Scenario MSY_est BBmsy_now FFmsy_now
Default depletion 92.0 0.23 2.56
Assume very depleted 92.2 0.18 4.44
Assume healthy 93.0 1.07 0.26

Q: How much does the final depletion assumption change the stock status conclusion? Is this reassuring or concerning?

Q: In a real assessment, what information would help you set the final depletion prior? (Think: expert knowledge, CPUE trends, survey snapshots)


Exercises

Exercise A — Management summary

Imagine you must brief a fisheries manager. Write a short paragraph (4–5 sentences) stating:

  1. The estimated MSY and its uncertainty
  2. Current stock status (B/BMSY, F/FMSY)
  3. Your catch recommendation for next year
  4. Your level of confidence in this advice (with justification)

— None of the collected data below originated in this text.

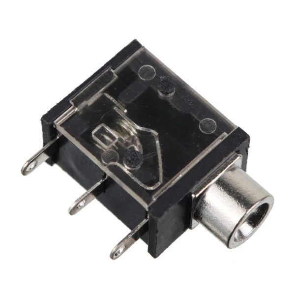 Jack J2, mono, para montagem em placa de circuito impresso. Possui 3 pinos, chamado circuito fechado, que é o recurso que corta o áudio das caixas de som quando é inserido o plug no conector.
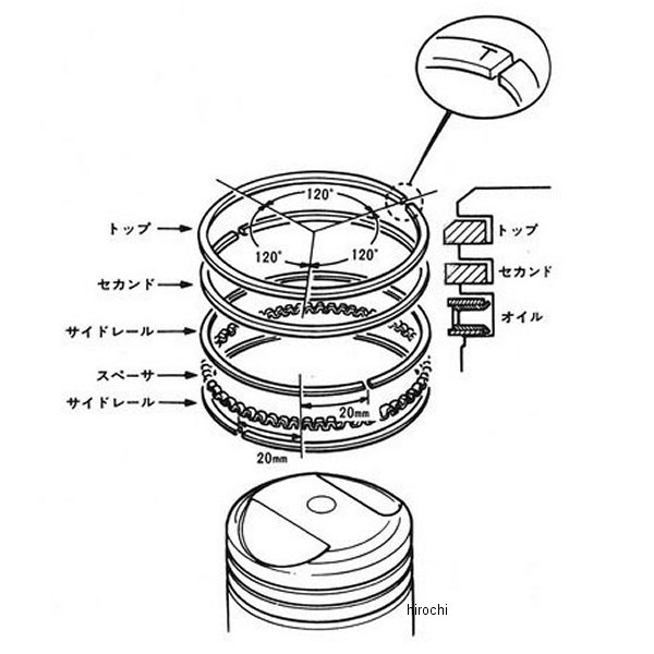 ビーアールシー BRC ピストンリング STD75年-77年 ホンダ CB400F 398cc/408cc (逆車にも対応可)純正対応品番:13011-377-003(ニッポン)・13011-377-005(テイコク)・13011-377-701(リケン)4個セットなお(ニッポン)は日本ピストンリング製。(テイコク)は帝国ピストンリング製。(リケン)はリケン製となります。このピストンリングに対応するピストンサイズは51mmでノーマル用となります。このピストンリングは帝国ピストンリング製(日本製)となりますので398cc・408cc共に安心して使用できます。エンジン分解時にピストンやシリンダーの磨耗が少ない場合ピストンリングのみの交換をされる場合に特に向いております。注意/警告ピストンリングはトップとセカンドが厚みが同じですので間違がわないようにご注意下さい。トップは茶色で縁取りがあるタイプでセカンドは黒っぽい方です。オイルリングはまず蛇腹を入れてから薄いリングを上と下に入れて下さい。順番通りに入れないと全く入りませんので必ず順番を守って入れて下さい。古いピストンリングを外した後、溝のカーボン(汚れ)を完全に落とさないとリングがスムーズに入りませんのでご注意下さい。このピストンリングは純正のピストンリングに比べリングの張力が非常に強く単体で見ると合口の隙間がかなり広いのが特徴です。組み込んでしまえば合口の隙間は純正規定値になりますが、この高い張力により気密性が上がり圧縮性能を向上させるとともにオイル上がりを長期間にわたり防止する要因になっております。高張力で合口の隙間が大きい事によりシリンダースリーブへの挿入難易度は純正に比べ困難になりますが製品不良ではございませんので予めご理解頂きますようお願い申し上げます。入れずらい事で有名なワイセコのピストンリングも同じTP製です。※メーカー欠品の場合、長期納期となります。ご了承ください。
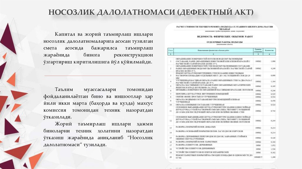 НОСОЗЛИК ДАЛОЛАТНОМАСИ (ДЕФЕКТНЫЙ АКТ)Капитал ва жорий таъмирлаш ишлари
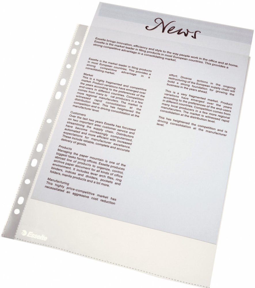 Ekonomická kapsa pro běžné použití a archivaci v pákových a kroužkových pořadačích. Embosovaná recyklovatelná PP fólie tloušťky 0,043 mm (Copysafe). Horní otevření. Univerzální multiperforace (11 děr). Pro formát A4. . . . . . . .
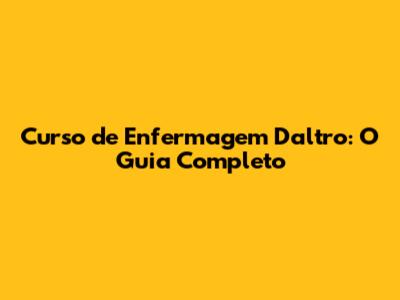 Curso De Enfermagem Daltro: O Guia Completo
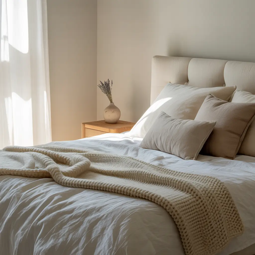 The pillow situation needs strategy. Two sleeping pillows, two to four Euro shams against the headboard, then decorative pillows in front. Mix textures like linen, cotton, and maybe a cable knit or two. But here’s my hot take: skip the tiny decorative pillows that serve no purpose except falling on the floor.
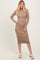 Light Taupe Mock Neck Fitted Ribbed Knit Midi Dress
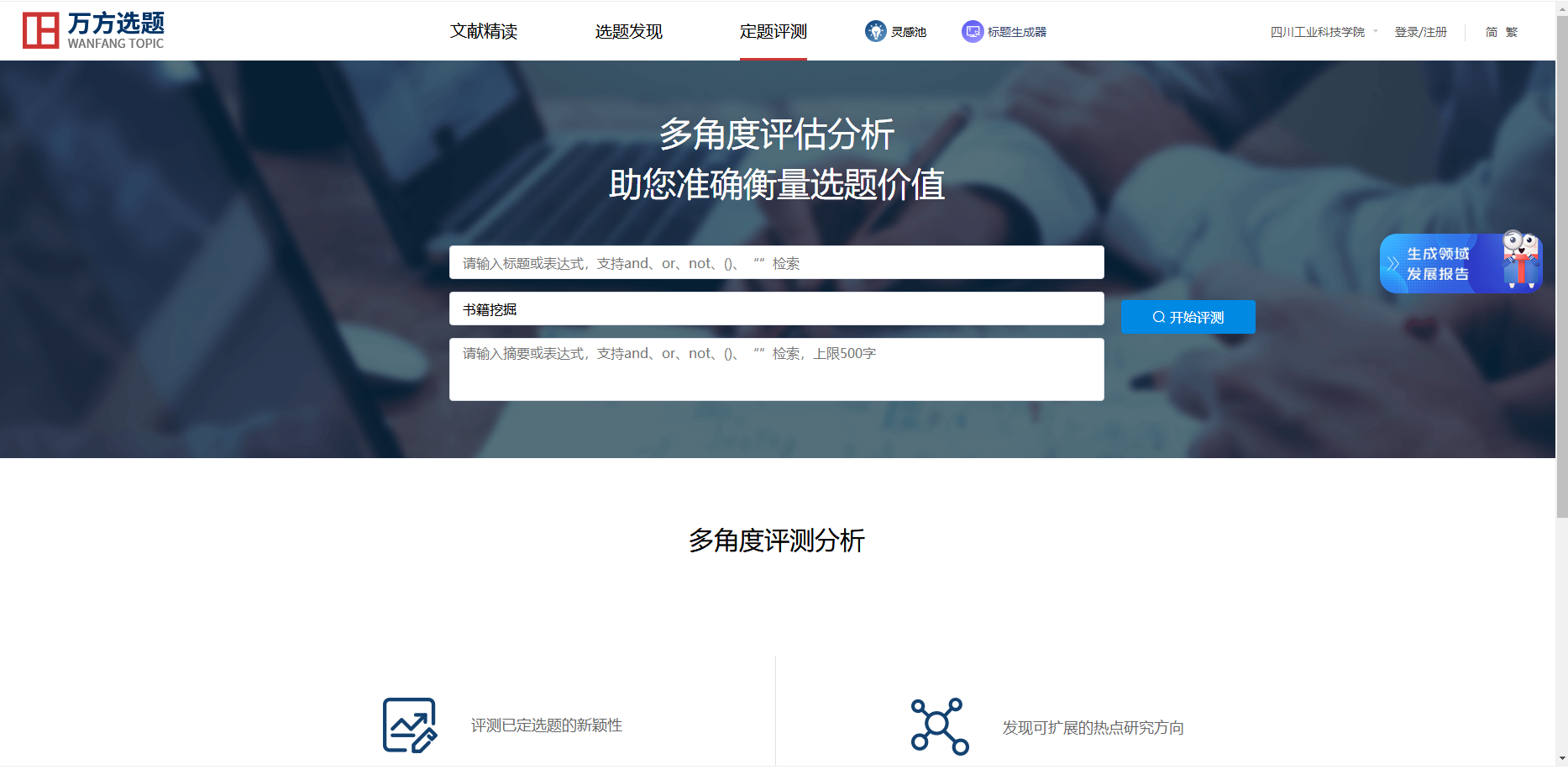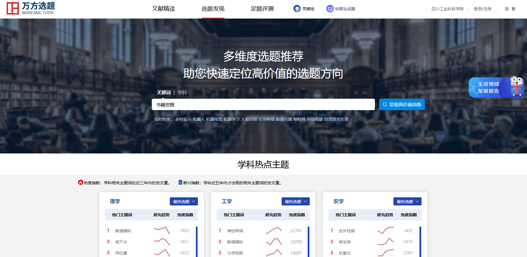 万方选题以万方数据库海量学术资源为基础,进行了分布式大数据云计算和智能语义分析,提供学科热点主题演化分析、前沿主题追踪、交叉学科探测、领域新兴主题挖掘等选题发现服务,以及高质量文献推荐和已定选题新颖性评测等服务。为具有科研立项、论文写作需求的学术研究人员提供选题解决方案。同时,指导学科管理人员把握学科的发展方向,支撑科研管理和学科建设。

Exercise B — The “declining catch” trap

Your colleague looks at the catch data and says: “Catches have dropped 40% since the peak — clearly the stock is collapsing.”

Do you agree? What alternative explanation exists? (Hint: catch might reflects BOTH stock abundance AND management decisions.)

Exercise C — Time series length

Run CMSY on different windows of the data:

# First 15 years only
cmsy_early <- cmsy2(year = catch_data$year[1:15],
                     catch = catch_data$catch_tonnes[1:15],
                     resilience = "Medium")

# Last 15 years only
cmsy_late <- cmsy2(year = catch_data$year[26:40],
                    catch = catch_data$catch_tonnes[26:40],
                    resilience = "Medium")

How do results compare to the full 40 years? Which time window is most informative and why?

Exercise D (advanced) — Compare catch-only methods

The datalimited2 package includes several other catch-only methods:

Method Function Reference
CMSY cmsy2() Froese et al. 2017
Bayesian surplus production bsm() Froese et al. 2017
Boosted regression tree zbrt() Zhou et al. 2017a
Optimized catch-only model ocom() Zhou et al. 2017b
Refined ORCS rorcs() Free et al. 2017

Try running one additional method and compare its B/BMSY estimate to CMSY. Do the methods agree?